Shrinking Soundex Code

research article Study

Soundex Algorithm is a very simple and basic phonetic algorithm that groups together the names that sound alike but are spelled differently, for example, Jacky or Jackie. Soundex mainly encodes the consonants of the word; a vowel will not be encoded unless it is the first letter of the word and generates four-character codes based upon the pronunciation of the word. And these generated codes can be used to to match two words to determine whether they sound alike. It is also a standard feature of many popular databases like DB2, Oracle, PostgreSQL, MySQL, SQLite and MS SQL Server etc.


Background

It is the best-known phonetic matching scheme, developed by Margaret King Odell and Robert C. Russell, and patented in 1918, but came to prominence in the 1960s when it was described in Donald Knuth’s The Art of Computer Programming.

The Algorithm

American Soundex algorithm, a variant of the original, is followed by the most SQL languages. It applies a set of rules to a string to generate the four-character code. The encoding steps are as follows:


1. Retain the first letter of the name and drop all other occurrences of a, e, h, i, o, u, w, y.
2. Replace consonants with digits as follows (after the first letter):

* b, f, p, v => 1
* c, g, j, k, q, s, x, z => 2
* d, t => 3
* l => 4
* m, n => 5
* r => 6


American Soundex Mapping Code

3. Two adjacent letters with the same number are coded as a single number.
4. Continue until you have one letter and three numbers. If you run out of letters, fill in 0s until there are three numbers.

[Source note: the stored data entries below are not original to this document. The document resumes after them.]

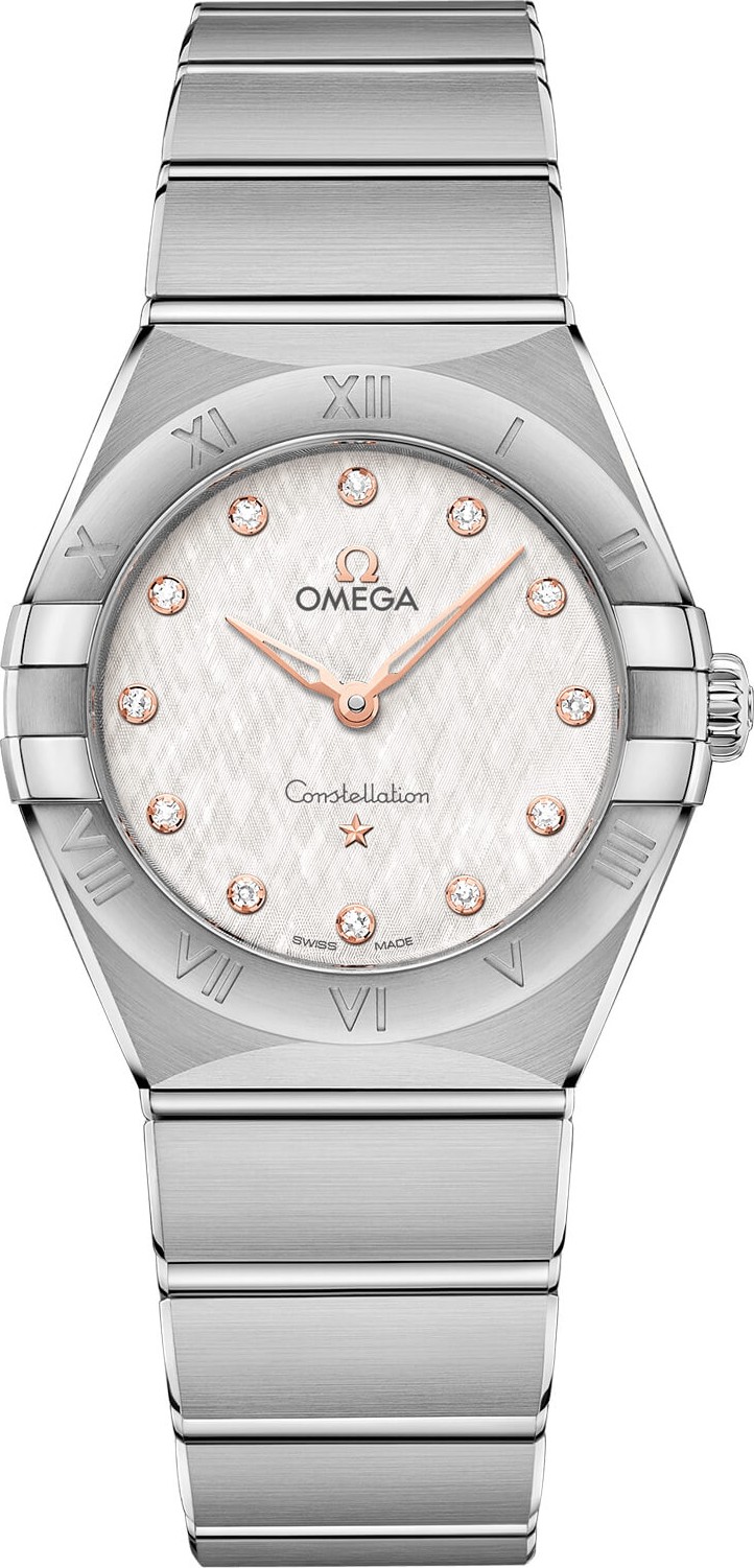 Thiết kế ấn tượng và bền bỉ của OMEGA Constellation được đặc trưng bởi hình bán nguyệt nổi tiếng, “móng vuốt” trên vỏ và dây đeo đơn sắc. Mẫu đồng hồ thép không gỉ 28 mm này có vành được khắc số La Mã, mặt số màu bạc kem với họa tiết giống như lụa và mặt kính sapphire chống trầy xước. Kim, logo OMEGA, ngôi sao Constellation và các giá đỡ kim cương được làm bằng vàng Sedna™ 18K. Trái tim của chiếc đồng hồ này là bộ máy OMEGA Calibre 4061, trong khi mặt sau được đóng dấu huy chương Đài quan sát Chòm sao. Khoảng cách giữa các vấu là 17,5 mm. Khoảng cách từ vấu này đến vấu kia là 30,50 mm. Độ dày 8,48 mm. Đường kính vỏ 28 mm. Vỏ thép. Màu mặt số là bạc. Mặt kính: Tinh thể sapphire hình vòm chống xước với lớp phủ chống phản quang ở cả hai mặt. Khả năng chống nước 3 bar (30 mét / 100 feet). Tổng trọng lượng sản phẩm (xấp xỉ) 83 g. Bộ máy Omega 4061. Loại chuyển động: Thạch anh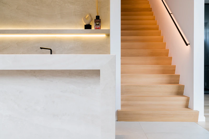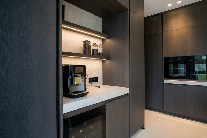 Familie De Vos stapte binnen bij Keukens De Abdij op zoek naar een specifieke keukenstijl. Na meerdere gesprekken met de interieurarchitect viel hun keuze op iets helemaal anders. De pastorijwoning in Roosdaal kreeg in plaats van een lichte eiken keuken, een klassevolle Japandi keuken met combinatie van donkerbruin fineer met marmerlook en indirecte ledverlichting.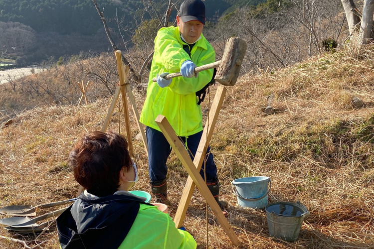 1月31日(日)午前9時から大森山桜園において、愛媛県南予地方局愛南土木事務所所長及び係長、南レク㈱南宇和管理事務所所長、南宇和高等学校ボランティア部1、2年生、一般市民、そして当クラブから埜下会長、竹村和也55周年大会委員長、会員の計23人で植樹式を実施した。温かな日差しの下、若い苗木の根を傷つけないように気を付けながら、鹿沼土と腐葉土、水を交互に入れ、風で倒れないように杭を打ち、全員が協力して丁寧に作業を行った。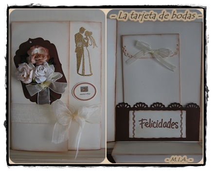 Y para terminar, les hice una tarjeta de bodas con un sobre interior dónde les meterían el regalo en dinero y en la parte de abajo un espacio suficiente para que todos los amigos les firmaran.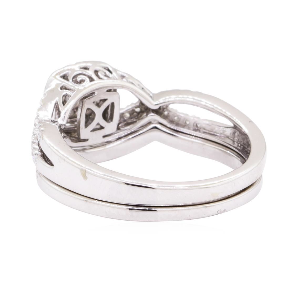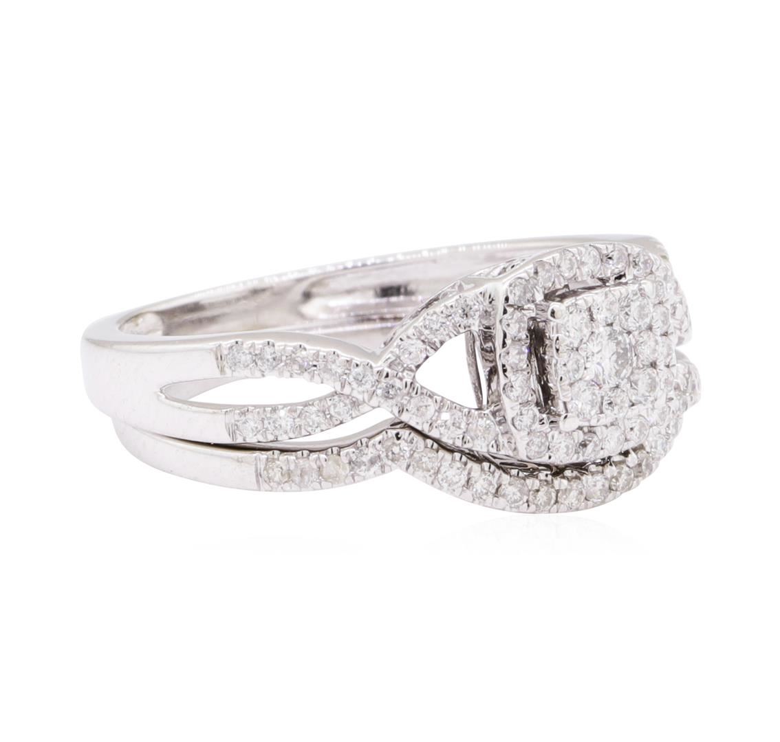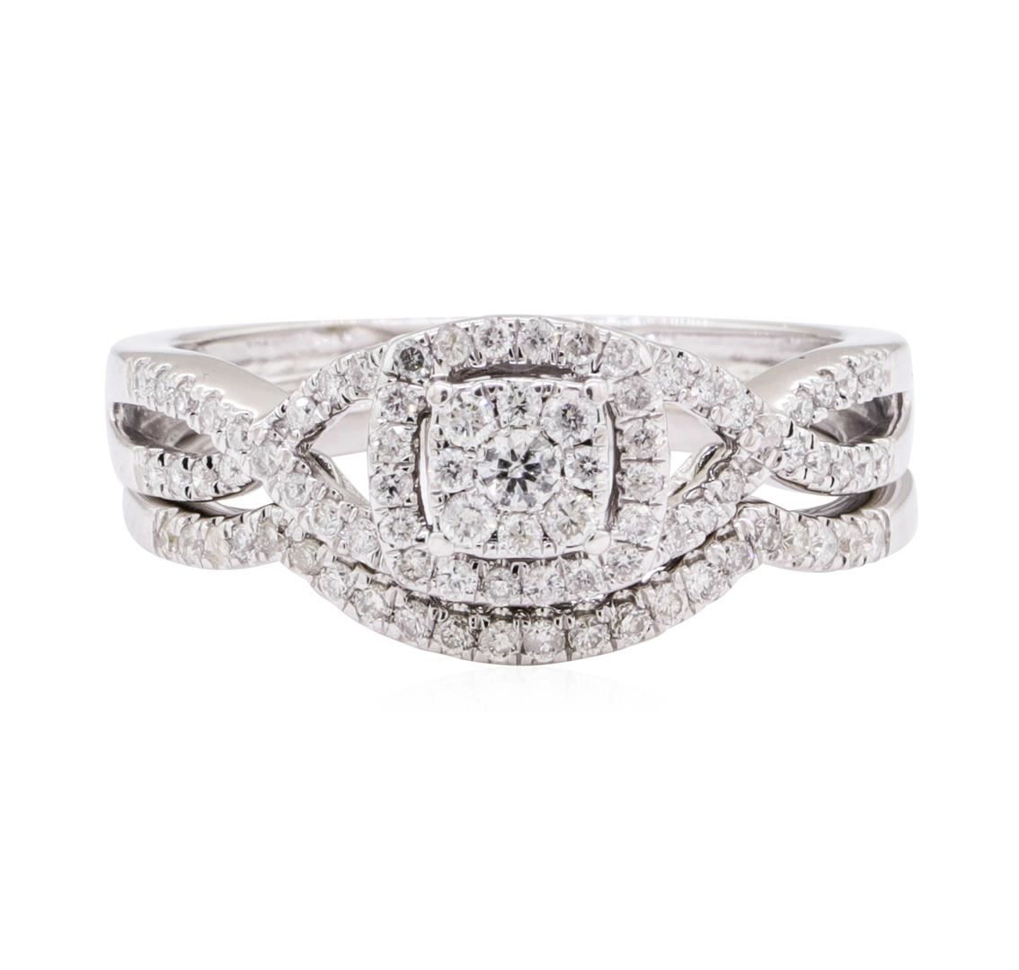 One crossover halo wedding set featuring: 10KT white gold weighing 4.5 grams containing diamonds weighing 0.60ctw. The rings are size 7.

For example, “SAINT” and “SANT” are both reduced to S530 or AMERICA and AMERIKA both reduced to A562 i.e. two similar sounding names match if they have the same soundex representation. Another example can be given as “CALCUTTA” and “KOLKATA” will be reduce to C423 and K423 accordingly.

Now all these things can also be found on wikipedia. So what’s new???

 A New Method for Code Generation

Here it is our new Soundex code generating methodology. Given below algorithm is a small deviation from the American Soundex. Using this new method policy, we can reduce the 4 characters Soundex code to 3 characters. How???

Now if you are found of mathematics then you should know that the number can be represented in many forms like hexadecimal, decimal, binary etc. Now in the binary format, the number can be represented by only two digits – 0 and 1;  in octal it can be represented by 0 to 7 while in hexadecimal it can be represented by 0,1,2,3,4,5,6,7,8,9,A,B,C,D,E and F. Same way if the number radix is 6, then it can be represented via 0 to 5.

Number System Conversion (base 6 to hexadecimal)

Now think 312 is base 6 number format. Now convert (312)6 number into the decimal number (means base 10). Here the number will reduce automatically. 312 will become 116 in base 10 or decimal number system.

(312)6 = (116)10

Now again convert this decimal number into the hexadecimal number so number 116 in base 10 will become 74 in hexadecimal. Thus, (116)10 = (74)16

In short,

(312)6 = (116)10 = (74)16

(51)6 = (31)10 = (1F)16

How number system helps to reduce the code length?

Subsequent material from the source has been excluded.